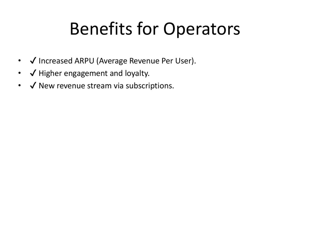 Benefits for Operators• ✔ Increased ARPU (Average Revenue Per User).
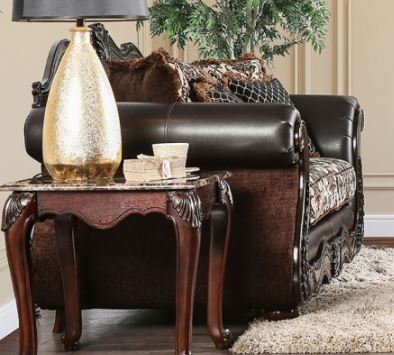 Visitors will wonder if they wandered into a palace when they enter and find this ornate love seat awaiting them. An elaborate wooden trim decorates the base and front of the rolled armrests and continues the frame to accentuate the top of the backrest. Sleek faux leather lines the flared arms and back while sumptuous chenille fabric covers the seat cushions in soft luxury. Resting atop elegantly turned bun feet, this sofa set will earn your decorating respect and grant your home a majestic air.
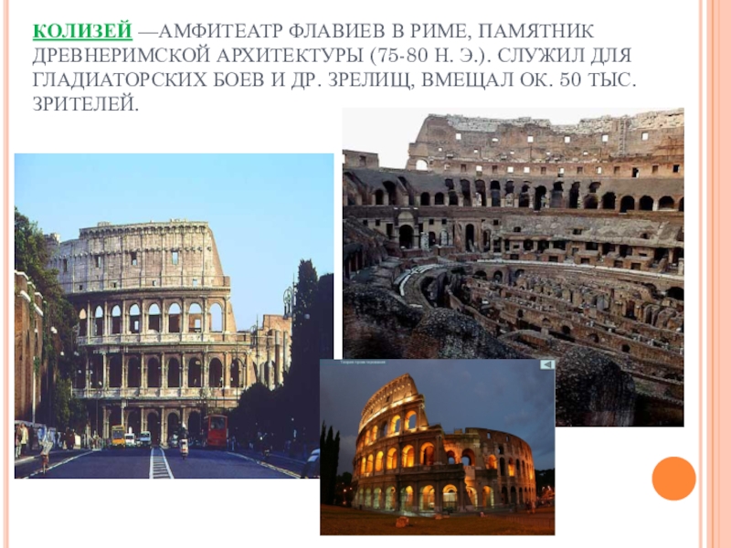 Слайд 18КОЛИЗЕЙ —АМФИТЕАТР ФЛАВИЕВ В РИМЕ, ПАМЯТНИК ДРЕВНЕРИМСКОЙ АРХИТЕКТУРЫ (75-80 Н. Э.).

Action item:
Give back the full listing exactly as written, only without its pictures.

Output of the exercise:
 Benefits for Operators• ✔ Increased ARPU (Average Revenue Per User).
 Visitors will wonder if they wandered into a palace when they enter and find this ornate love seat awaiting them. An elaborate wooden trim decorates the base and front of the rolled armrests and continues the frame to accentuate the top of the backrest. Sleek faux leather lines the flared arms and back while sumptuous chenille fabric covers the seat cushions in soft luxury. Resting atop elegantly turned bun feet, this sofa set will earn your decorating respect and grant your home a majestic air.
 Слайд 18КОЛИЗЕЙ —АМФИТЕАТР ФЛАВИЕВ В РИМЕ, ПАМЯТНИК ДРЕВНЕРИМСКОЙ АРХИТЕКТУРЫ (75-80 Н. Э.).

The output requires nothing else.